I don’t own the original 1981 Nova Games version of the game, so I know very little about it, but the Milton Bradley version fits well with the concept of having a fun, fairly simple, easily-playable board game that illustrates (rather than simulates in a strict sense) some of the major elements of WWII. Once that’s been accomplished by a game designer, however, the question becomes where one goes from there.
One option is to have the basic game remain fairly static for the rest of its life. Monopoly and Risk are examples of games that have taken this route.
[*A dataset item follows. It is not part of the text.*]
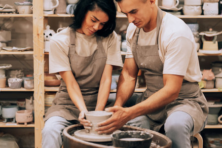 Craftswoman in apron shaping clay bowl with boyfriend together in ceramic workshop

The rules and mechanisms for the basic versions of these games have changed very little over time, as far as I know, and my guess is that someone who played Monopoly fifty or more years ago could sit down in front of the current version of the basic game and start playing right away without having to learn anything new. In the basic versions of such games, the main changes that occur over the decades tend to be restricted to the “chrome”(the design of board, the playing pieces, the cards, the money and so forth), while the engine under the hood stays pretty much the same. There have, of course, been many “brand extensions” of the two games I’ve mentioned, but these have mainly consisted of special editions built around various themes. Monopoly in particular has spun off a plethora of variants (for instance regional and national versions based on places other than the original Atlantic City location), including a deluxe edition in which the properties were priced in millions of dollars and the traditional fake paper money was replaced by an electronic debit card system. Fundamentally, however, most or all of these variants work in the same way as the basic game.
A second option is for a game to be designed as a fairly open-ended system that is infinitely expandable by the addition of extra modules. Memoir 44 would be one example, and the various A&A Miniatures games (land, sea and air) would be another one.
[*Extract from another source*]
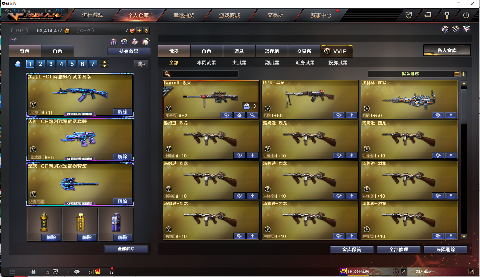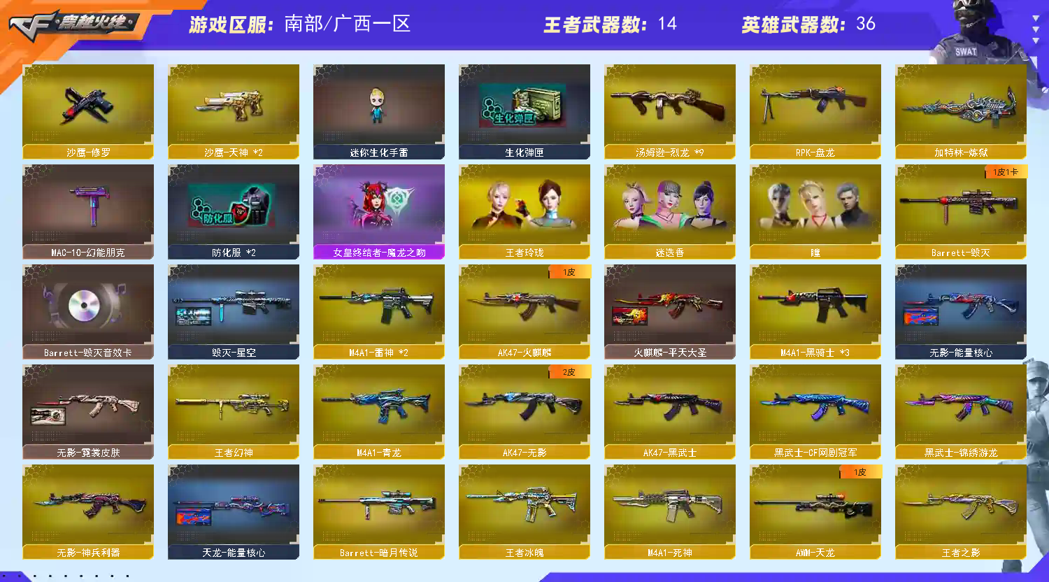 【主武】AK47-火麒麟、M4A1-雷神、M4A1-黑骑士、AK47-无影、M4A1-死神、AK47-黑武士、M4A1-青龙、黑武士-CF网剧冠军武器、AWM-天龙、毁灭、盘龙、炼狱、9烈龙、王者幻神

A third option is for a game to evolve into a “product line.” This is the route which A&A has taken so far. We’ve seen several versions of the basic 5-power WWII A&A board game, and we’ve seen several specialized A&A variant board games that deviate from the basic game in various ways. (We’ve also seen the A&A brand applied to collectable miniature tactical games and to electronic A&A gaming systems, but I’m only discussing the actual board games here.) With the exception of Pacific 1940 and Europe 1940, which can be played on their own or combined into Global 1940, all of these A&A board games are self-contained products: many of their sculpts can be transfered from one game to another (as piece junkies like me sometimes do), but their maps and their rules aren’t modular and can’t be combined.
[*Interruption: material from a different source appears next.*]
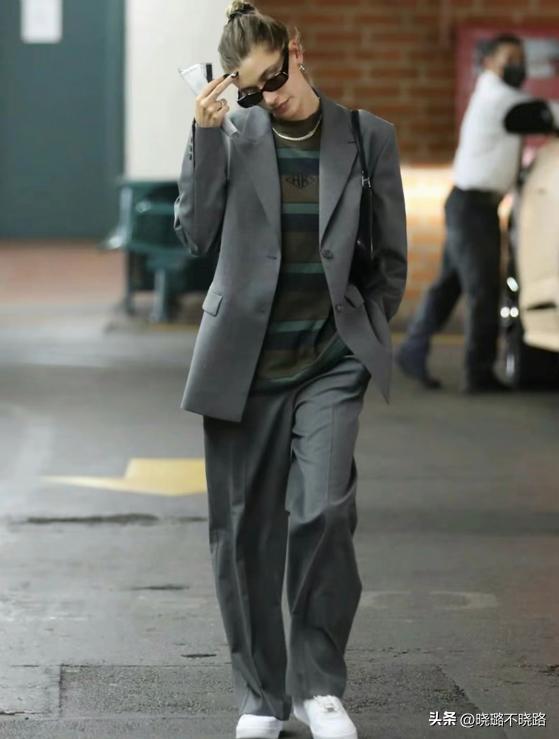 同樣是灰色的套裝穿搭,爲什麼bella這套就顯得時髦多了呢?這是因爲bella穿套裝,但是內搭換成了休閒的款式,再搭配休閒的鞋子和金屬色的鏈條、墨鏡等,給穿搭增添了許多時尚色彩,將灰色的“正經感”一掃而空。

The conventional 5-power A&A global games and the specialized variants have had an interesting relationship because they’re not entirely separate evolutionary branches; they’ve actually influenced each other a lot, in both directions. There have been quite a few cases of new unit types and/or new sculpt designs being introduced in one of the specialized variants, and of these pieces then becoming standard features of subsequent games. A good example is the evolution that took place as A&A progressed from the Milton Bradley version to the Revised version. The Milton Bradley version (1984) was a global game that involved the 5 major powers of the original Nova Games version. It had 8 unit types, colour-coded infantry sculpts with nation-specific designs, colour-coded equipment sculpts with generic designs, and neutral-coloured AAA and IC units with generic designs. It was followed by Europe (1999) and Pacific (2001), the first two specialized A&A variants. They were more limited than the previous games (they were theatre-level games, not global ones, and neither of them featured on its own all 5 of the big powers), but they dramaticaly upgraded the “chrome” elements: two new unit types (artillery and destroyers) and the introduction of non-generic equipment designs (although some designs were used in common by two or more powers). Revised (2004) then took the expanded range of unit types and the upgraded sculpts from Europe and Pacific (in which the US and the UK were the only two powers to appear in both games) and combined them into a conventional 5-power global game.
In terms of the three options I described above, I have no problem with the third-option route that A&A has taken – other than the fact that there currently seems to be a lull in the introduction of new games, and that it’s not clear whether the next developments would be of the conventional 5-power global game type or of the specialized variant type. Would some combination of the first and second options (which I think is along the lines of what Black Elk has proposed) work better? I honestly don’t know; it would depend on the specifics, I guess.